### Material provided

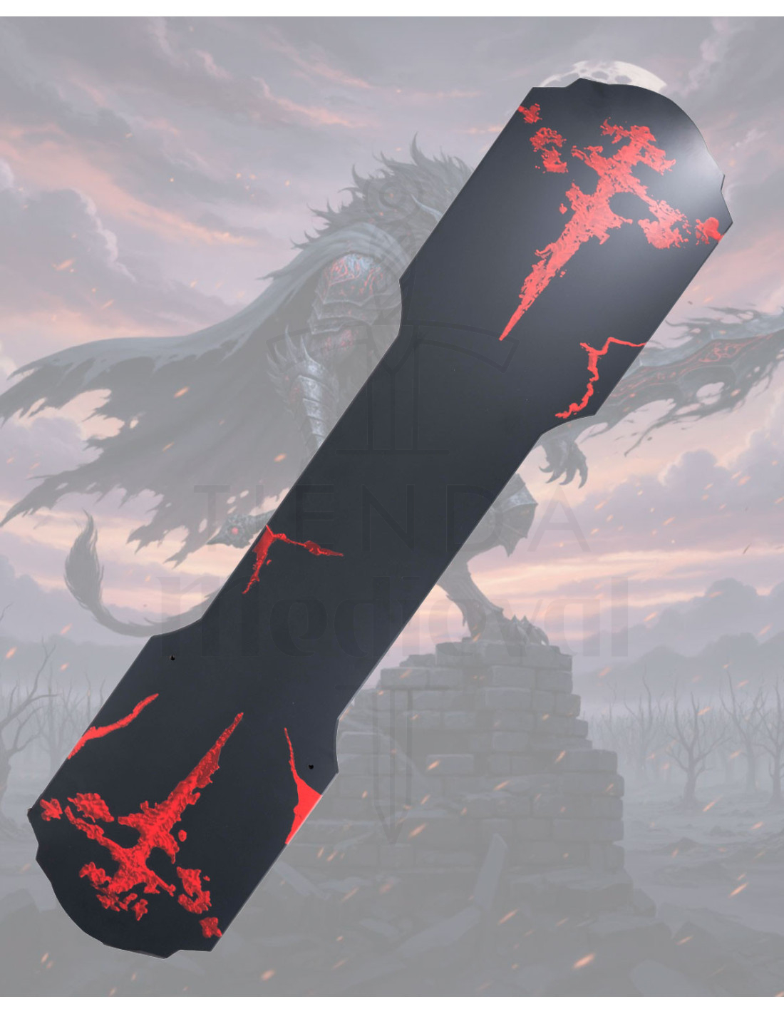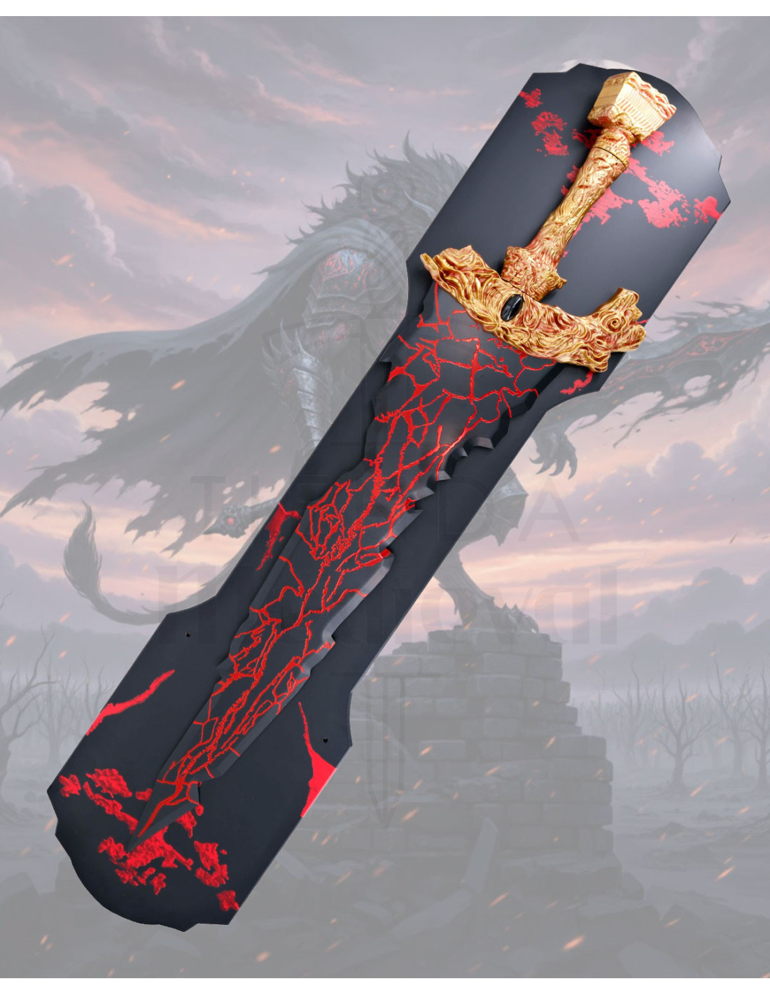 Denne udskæring indfanget essensen af Malikeths sorte sværd med en dyb sort finish og røde årer, der synes at pulserer, hvilket skaber et dekorativt stykke, der udstråler intensitet og karakter. Den ujævne kontur af bladet og de siderne f bladskåringer giver en aggressiv æstetik, ideel til at give personlighed til et hjørne i din samling.
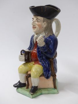 An 18th/19thC creamware 'Squire Toby' jug with foaming quart and shaped base, 29cm tall
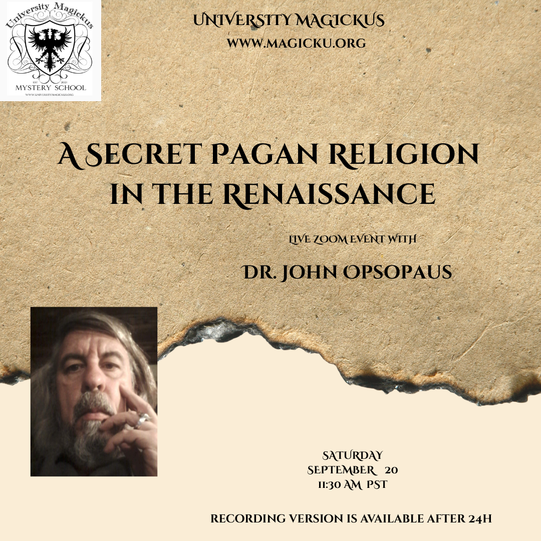 Join us Saturday September 20th @ 11:30am PST / 2:30pm EST for A Secret Pagan Religion in the Renaissance with Dr. John Opsopaus
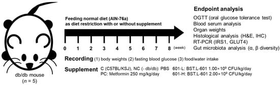 Male C57BL/KSJ mice were prepared as a control group, C, and C57BL/KSJ db/db (Leprdb/Leprdb) mice were divided into 4 experimental groups (n = 5): NC, untreated control; PC, positive control (metformin 250 mg/kg/day); 601-L, freeze-dried BST.L-601 broth at low concentrations (1.00 × 109 CFU/kg/day); 601-H, freeze-dried BST.L-601 broth at high concentrations (2.00 × 109 CFU/kg/day) (Figure 6). Oral administration was prepared with each sample dissolved in PBS and performed daily. Body weight and water intake changes were recorded once a week, with free access to water. Fasting blood glucose (FBG) changes were recorded biweekly, after a 16 h of fast.
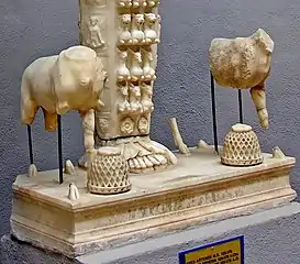Outre les portraits en buste d'Auguste et de son épouse Livie, une tête monumentale de Domitien est particulièrement frappante. Avec son avant-bras séparé et quelques autres fragments, elle appartient à une statue qui était dressée près du temple de Domitien, d'une taille d'environ sept mètres. L'autel du temple de Domitien provient du même site. Un autel plus petit présente un taureau sacrificiel et des restes d'armes et d'armures.
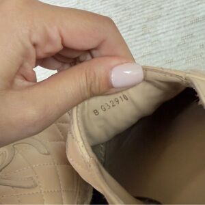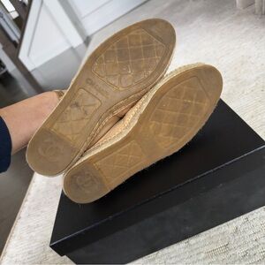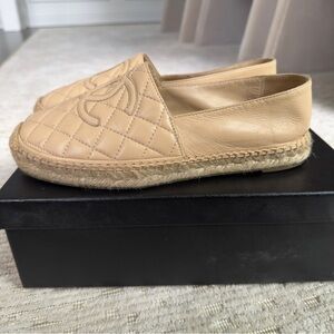 Authentic Chanel Beige Quilted Lambskin Leather CC Women's Espadrilles Size EU 38 used twice. They are slightly loose on me, and I'd rather have something more fitting. They are in great condition. Stylish CHANEL espadrilles in beige. Features quilted pattern and signature logo. Ideal for chic comfort.
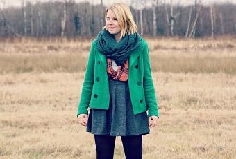 Détails de mon outfit : Chemise de chez Boutique Kitsch, jupe Vero Moda, dénichée chez Boutique Vestibule, collants Mondor, bas de laine volés à chéri, bottes Palladium et foulard trouvé dans une petite boutique de décoration à Lancaster, en Ontario.
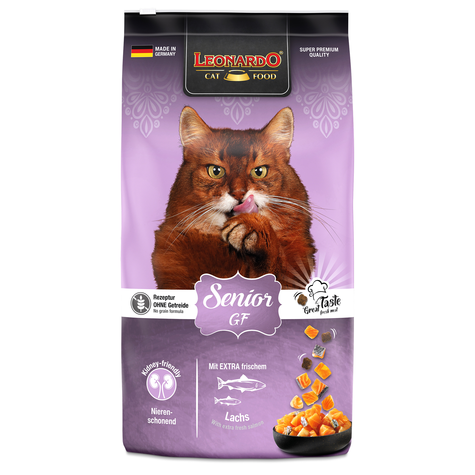 De ideale oplossing voor oudere, gevoelige katten - met extra verse zalm en waardevolle ingrediënten zoals amarant als graanvervanger. Het verlaagde energiegehalte helpt de kat om een optimaal gewicht te behouden zonder concessies te doen aan de uitstekende smaak. De zorgvuldig geselecteerde samenstelling met minder fosfor, natrium en eiwit is bovendien zacht voor de nieren.

######

§ **Problem details**
Every line from the top of the entries through the line that holds "An 18th/19thC creamware" is to be quoted exactly, please, and nothing else; omit the pictures.

§ **Result of this exercise**
 Denne udskæring indfanget essensen af Malikeths sorte sværd med en dyb sort finish og røde årer, der synes at pulserer, hvilket skaber et dekorativt stykke, der udstråler intensitet og karakter. Den ujævne kontur af bladet og de siderne f bladskåringer giver en aggressiv æstetik, ideel til at give personlighed til et hjørne i din samling.
 An 18th/19thC creamware 'Squire Toby' jug with foaming quart and shaped base, 29cm tall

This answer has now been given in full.